EXERCISE DESCRIPTION: All pictures must be dropped, while the entries are given again word for word.

DATA EXCERPTS:
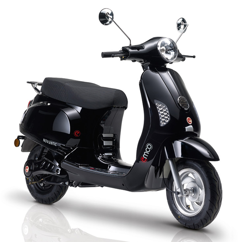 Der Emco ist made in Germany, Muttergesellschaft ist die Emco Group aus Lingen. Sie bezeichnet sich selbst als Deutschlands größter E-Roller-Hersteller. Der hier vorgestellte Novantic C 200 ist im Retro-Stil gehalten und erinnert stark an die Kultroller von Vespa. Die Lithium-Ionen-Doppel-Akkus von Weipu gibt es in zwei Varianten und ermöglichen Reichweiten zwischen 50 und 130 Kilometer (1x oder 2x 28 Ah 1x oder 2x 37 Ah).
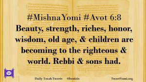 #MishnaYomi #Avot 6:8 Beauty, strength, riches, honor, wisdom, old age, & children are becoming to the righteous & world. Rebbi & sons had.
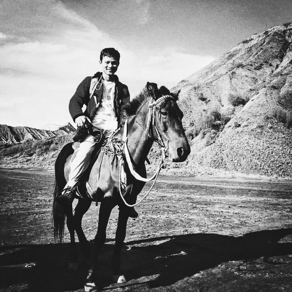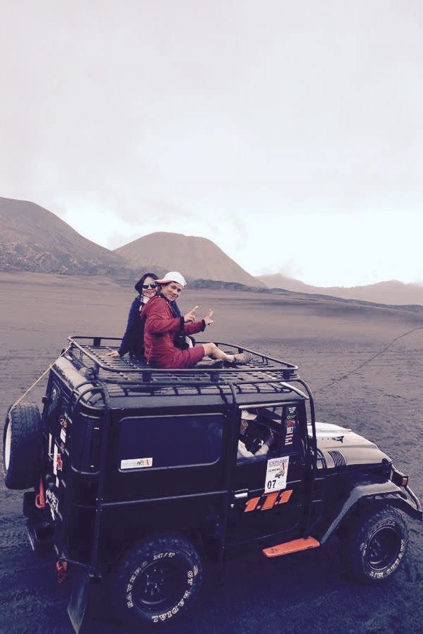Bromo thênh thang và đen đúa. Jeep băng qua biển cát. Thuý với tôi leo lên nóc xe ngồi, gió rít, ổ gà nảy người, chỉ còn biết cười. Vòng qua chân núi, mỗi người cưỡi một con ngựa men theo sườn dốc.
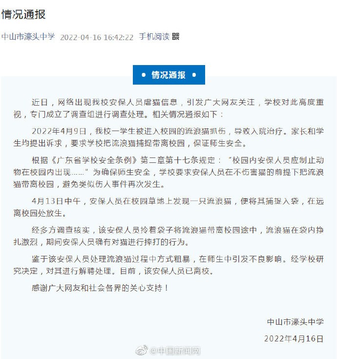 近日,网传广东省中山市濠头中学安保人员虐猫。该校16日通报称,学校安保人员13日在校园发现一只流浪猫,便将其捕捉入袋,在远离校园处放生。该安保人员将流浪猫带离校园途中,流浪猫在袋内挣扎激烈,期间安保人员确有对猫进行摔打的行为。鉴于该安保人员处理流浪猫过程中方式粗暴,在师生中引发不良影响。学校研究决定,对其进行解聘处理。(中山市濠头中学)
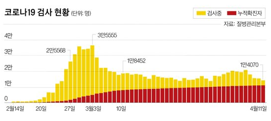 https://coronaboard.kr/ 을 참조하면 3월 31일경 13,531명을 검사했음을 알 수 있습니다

RESPONSE TO THIS EXERCISE:
 Der Emco ist made in Germany, Muttergesellschaft ist die Emco Group aus Lingen. Sie bezeichnet sich selbst als Deutschlands größter E-Roller-Hersteller. Der hier vorgestellte Novantic C 200 ist im Retro-Stil gehalten und erinnert stark an die Kultroller von Vespa. Die Lithium-Ionen-Doppel-Akkus von Weipu gibt es in zwei Varianten und ermöglichen Reichweiten zwischen 50 und 130 Kilometer (1x oder 2x 28 Ah 1x oder 2x 37 Ah).
 #MishnaYomi #Avot 6:8 Beauty, strength, riches, honor, wisdom, old age, & children are becoming to the righteous & world. Rebbi & sons had.
Bromo thênh thang và đen đúa. Jeep băng qua biển cát. Thuý với tôi leo lên nóc xe ngồi, gió rít, ổ gà nảy người, chỉ còn biết cười. Vòng qua chân núi, mỗi người cưỡi một con ngựa men theo sườn dốc.
 近日,网传广东省中山市濠头中学安保人员虐猫。该校16日通报称,学校安保人员13日在校园发现一只流浪猫,便将其捕捉入袋,在远离校园处放生。该安保人员将流浪猫带离校园途中,流浪猫在袋内挣扎激烈,期间安保人员确有对猫进行摔打的行为。鉴于该安保人员处理流浪猫过程中方式粗暴,在师生中引发不良影响。学校研究决定,对其进行解聘处理。(中山市濠头中学)
 https://coronaboard.kr/ 을 참조하면 3월 31일경 13,531명을 검사했음을 알 수 있습니다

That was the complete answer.